#### Source data:

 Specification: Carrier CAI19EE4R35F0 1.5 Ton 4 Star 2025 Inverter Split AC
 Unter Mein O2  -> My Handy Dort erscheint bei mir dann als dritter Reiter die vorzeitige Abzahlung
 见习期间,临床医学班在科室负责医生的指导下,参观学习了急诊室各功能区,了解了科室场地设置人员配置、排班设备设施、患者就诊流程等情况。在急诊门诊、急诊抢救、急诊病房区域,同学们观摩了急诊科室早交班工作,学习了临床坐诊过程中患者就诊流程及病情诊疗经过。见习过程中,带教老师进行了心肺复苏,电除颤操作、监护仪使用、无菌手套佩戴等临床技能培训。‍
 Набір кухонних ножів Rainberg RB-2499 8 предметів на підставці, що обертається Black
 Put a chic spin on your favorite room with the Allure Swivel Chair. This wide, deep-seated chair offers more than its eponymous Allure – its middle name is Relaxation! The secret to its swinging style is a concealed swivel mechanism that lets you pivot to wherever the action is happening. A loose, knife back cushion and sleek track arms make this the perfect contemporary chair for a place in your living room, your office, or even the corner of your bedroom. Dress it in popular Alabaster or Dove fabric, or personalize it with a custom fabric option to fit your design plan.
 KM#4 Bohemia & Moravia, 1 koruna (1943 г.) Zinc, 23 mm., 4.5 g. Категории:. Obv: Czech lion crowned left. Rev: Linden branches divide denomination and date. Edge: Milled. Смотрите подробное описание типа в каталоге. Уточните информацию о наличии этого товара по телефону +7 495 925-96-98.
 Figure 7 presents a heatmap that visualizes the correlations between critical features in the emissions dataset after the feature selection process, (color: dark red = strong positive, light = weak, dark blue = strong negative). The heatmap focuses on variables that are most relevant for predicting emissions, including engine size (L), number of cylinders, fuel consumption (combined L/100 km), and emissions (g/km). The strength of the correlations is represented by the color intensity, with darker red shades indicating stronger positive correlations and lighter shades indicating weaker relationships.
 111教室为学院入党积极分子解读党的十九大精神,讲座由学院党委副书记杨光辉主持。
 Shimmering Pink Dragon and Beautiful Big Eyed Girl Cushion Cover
---
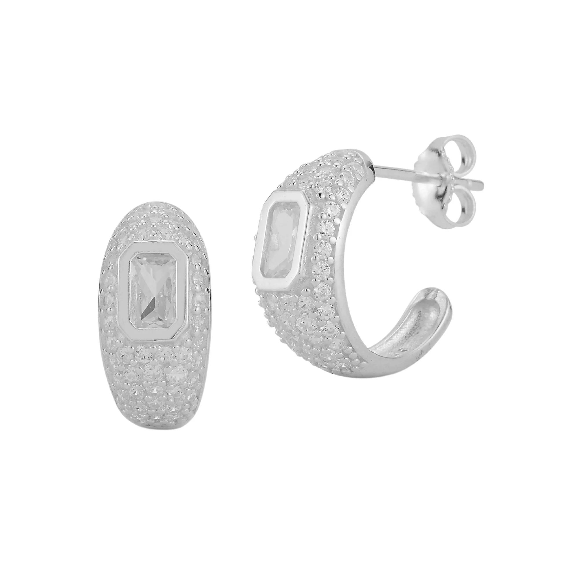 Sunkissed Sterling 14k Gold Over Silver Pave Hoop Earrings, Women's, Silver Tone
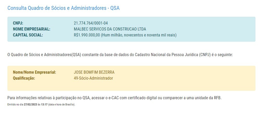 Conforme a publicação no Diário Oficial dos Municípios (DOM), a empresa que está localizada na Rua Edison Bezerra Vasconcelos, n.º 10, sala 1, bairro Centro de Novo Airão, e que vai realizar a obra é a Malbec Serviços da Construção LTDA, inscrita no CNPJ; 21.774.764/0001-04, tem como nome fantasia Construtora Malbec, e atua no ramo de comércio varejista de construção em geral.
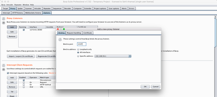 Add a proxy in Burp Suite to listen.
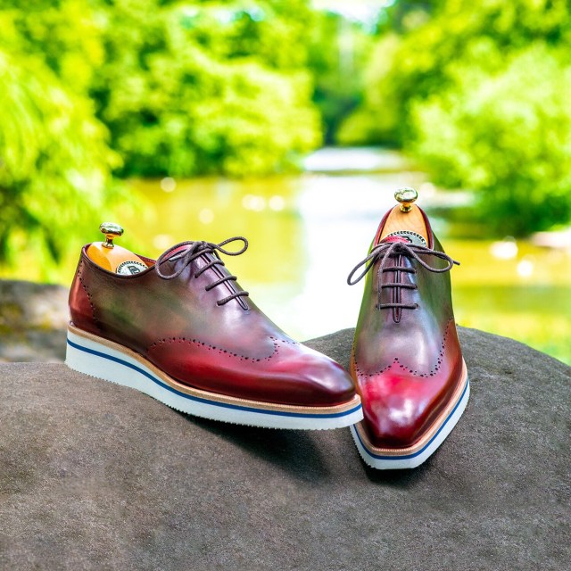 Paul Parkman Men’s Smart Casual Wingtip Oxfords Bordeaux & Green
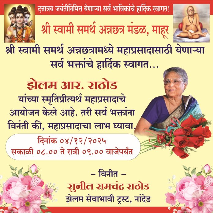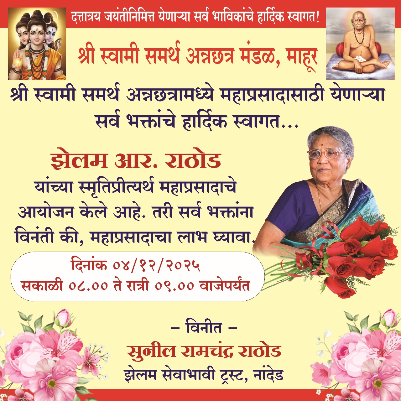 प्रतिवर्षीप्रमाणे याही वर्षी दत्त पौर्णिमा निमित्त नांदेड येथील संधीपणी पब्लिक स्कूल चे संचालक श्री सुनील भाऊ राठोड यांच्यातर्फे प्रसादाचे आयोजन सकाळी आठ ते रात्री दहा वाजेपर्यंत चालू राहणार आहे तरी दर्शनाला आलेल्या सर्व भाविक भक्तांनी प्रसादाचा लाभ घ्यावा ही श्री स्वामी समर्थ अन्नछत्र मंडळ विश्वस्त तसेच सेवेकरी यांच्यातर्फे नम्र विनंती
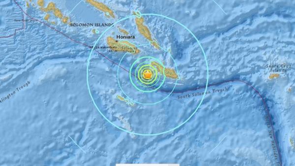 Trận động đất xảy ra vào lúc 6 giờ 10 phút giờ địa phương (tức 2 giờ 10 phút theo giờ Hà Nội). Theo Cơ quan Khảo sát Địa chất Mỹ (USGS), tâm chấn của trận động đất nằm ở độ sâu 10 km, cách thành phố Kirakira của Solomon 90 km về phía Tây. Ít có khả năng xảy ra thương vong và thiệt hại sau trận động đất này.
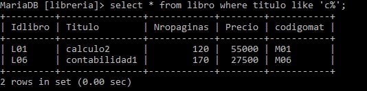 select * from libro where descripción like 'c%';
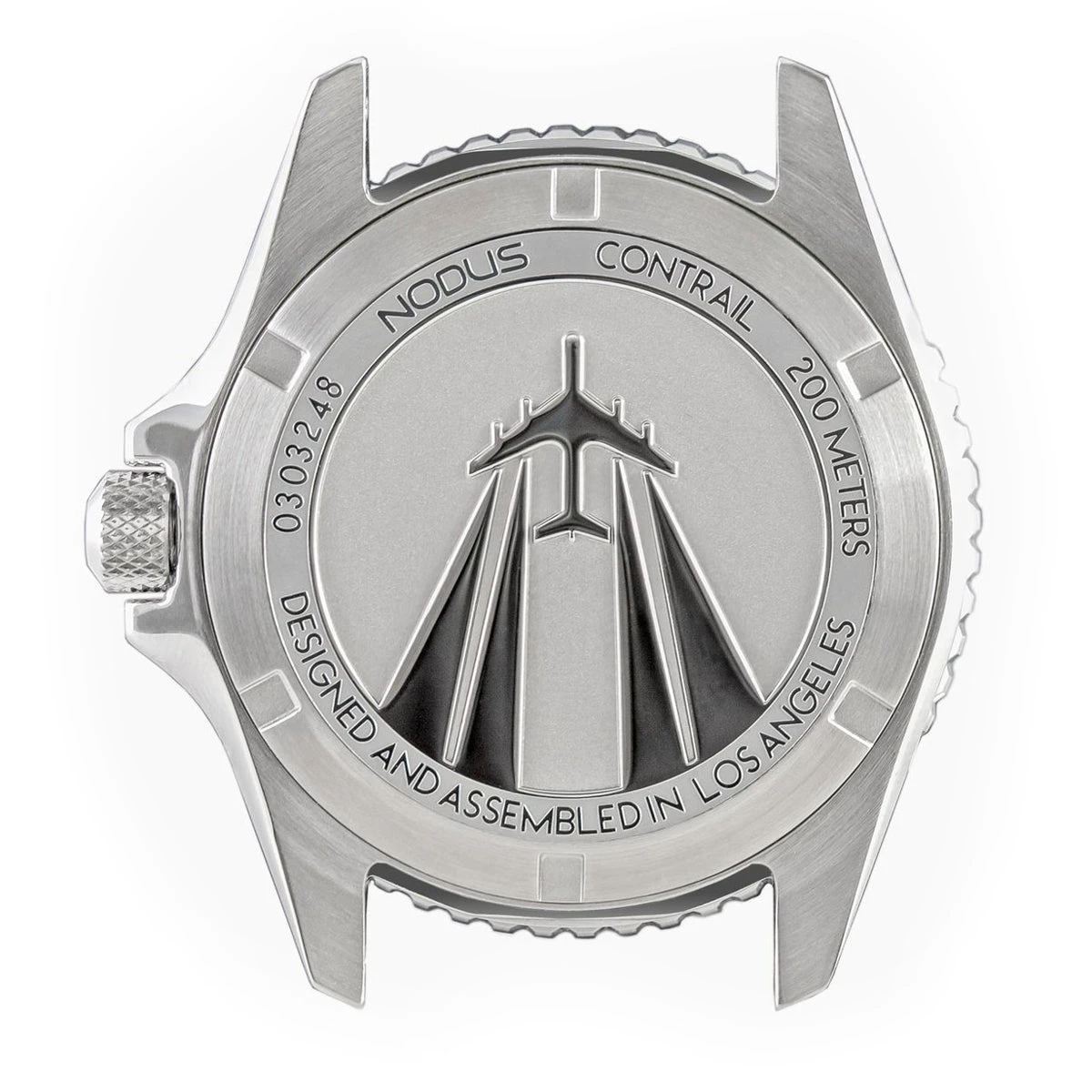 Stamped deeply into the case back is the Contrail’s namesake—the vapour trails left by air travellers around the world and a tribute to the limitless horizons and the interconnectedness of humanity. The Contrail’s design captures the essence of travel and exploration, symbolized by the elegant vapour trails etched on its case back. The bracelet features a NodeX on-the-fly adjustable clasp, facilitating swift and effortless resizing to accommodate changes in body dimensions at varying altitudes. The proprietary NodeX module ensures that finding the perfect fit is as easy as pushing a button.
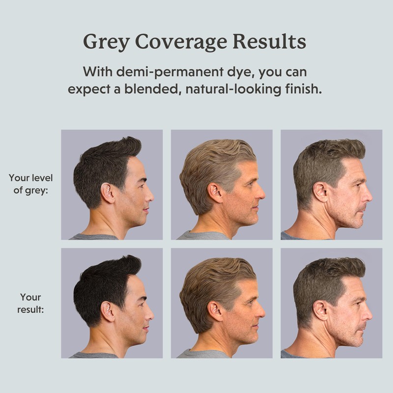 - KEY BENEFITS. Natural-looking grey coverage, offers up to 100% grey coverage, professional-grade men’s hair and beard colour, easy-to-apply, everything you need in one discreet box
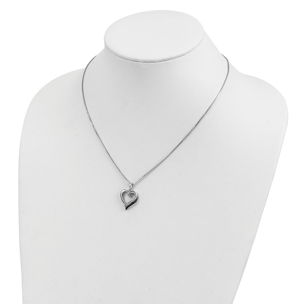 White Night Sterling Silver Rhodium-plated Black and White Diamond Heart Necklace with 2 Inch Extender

#### Try it:
Within the data above, the span starting at the line containing "Specification: Carrier CAI19EE4R35F0" and ending at the line containing "见习期间,临床医学班在科室负" is to be retyped exactly, with no other lines.

#### Result of the exercise:
 Specification: Carrier CAI19EE4R35F0 1.5 Ton 4 Star 2025 Inverter Split AC
 Unter Mein O2  -> My Handy Dort erscheint bei mir dann als dritter Reiter die vorzeitige Abzahlung
 见习期间,临床医学班在科室负责医生的指导下,参观学习了急诊室各功能区,了解了科室场地设置人员配置、排班设备设施、患者就诊流程等情况。在急诊门诊、急诊抢救、急诊病房区域,同学们观摩了急诊科室早交班工作,学习了临床坐诊过程中患者就诊流程及病情诊疗经过。见习过程中,带教老师进行了心肺复苏,电除颤操作、监护仪使用、无菌手套佩戴等临床技能培训。‍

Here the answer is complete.